Now, the chocolates aren’t a walk down easy-street either. First let’s talk ingredients: sourcing chocolate that is organic, fair trade, without soy or lecithin is not easy. Then, because there’s no lecithin, the chocolate is more difficult to work with; so tempering can be tricky. “Chocolate with lecithin reaches temper better,” said LaBounty. But he’s mastered working with the non-lecithin chocolate. “There are still some days that it misbehaves,” he laughed. Next up is flavoring: LaBounty uses mainly whole foods these days to flavor his chocolates. Grapefruit, lavender, lemon, rosemary, espresso and cacao nib are the current flavors. Finally: rolling and dipping the truffles by hand.
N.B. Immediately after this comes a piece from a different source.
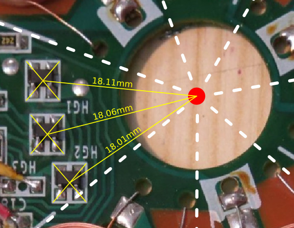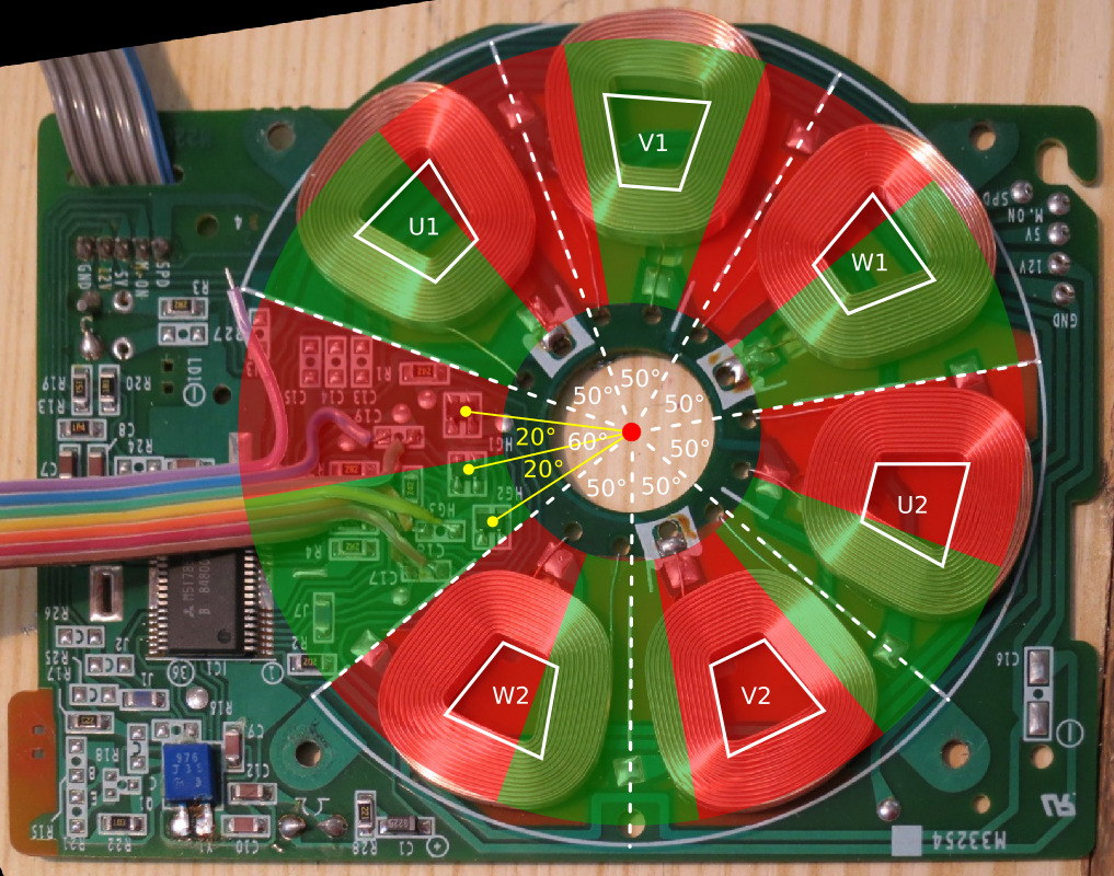 Hab mal dem Ursprungsartikel nachgegraben, findet sich dort: https://martin-jones.com/page/5/ Sehr weit unten, unter der Überschrift: "Repairing a floppy disc drive". Text dabei ist u.a. "The motor is controlled by a Mitsubishi M51785P motor controller chip. The chip’s data sheet revealed that the motor has three phases, each of which has a coil to drive the rotor round and a hall effect sensor for feedback. This particular one is arranged with two coils per phase, but occupying 6/7 of a revolution, so the motor goes more slowly than the chip is driving it. ... Here’s a closeup of the circuit board. You can see the six coils, and the coloured wires I soldered on to measure things while the motor was running." Bei der Anordnung der Hall-Sensoren irritiert das sie nicht im gleichen Abstabd zur Drehachse montiert ist. Wenn der Rotor als Anordnung von Stabmagneten auf einer einer Kreislinie verstanden wird, ist der Punkt der höchsten Feldstärke direkt unter dieser Kreislinie.
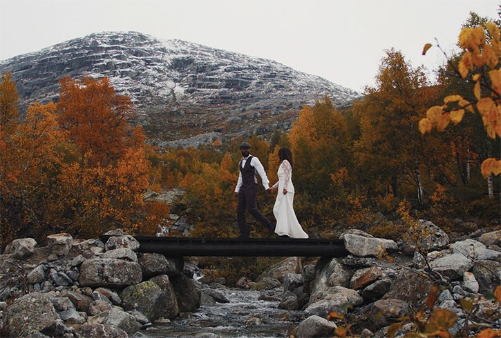 Asked by Blackmagic to make a film that would demonstrate the capabilities of the new model The Dreamers finally achieved their ambition and covered an elopement in Norway, which featured an eight-hour walk up a mountain in highly changeable weather. Two cameras and a ton of batteries were packed into a rucksack and there was still room for other essentials.

“I have a scooper,” said LaBounty. “No, it’s you, and the scoop,” corrected his wife. “It’s hard to roll truffles,” she said. “It takes me four times as long and my balls are uneven.”
Once the truffles or salted caramels, which are the newest additions to the menu are made, there’s the impossible task of not eating them all. “People think they’d gain 400 pounds,” said La Rocca. “But you wouldn’t because you’d be eating all of your profits.”
Sure the long hours and labor-intensive days can be a drag, but the couple has based their business on products they’re both passionate about, and on values (like sourcing local and organic ingredients, and using earth friendly packaging) that they believe in.
“Some day, we won’t have to work seven days a week for eight months out of the year (and 6 days a week for the rest of the year),” said La Rocca. “But for now, we give everything we’ve got to this business because we believe in it, and we believe in each other. And because we really, really like making people smile.”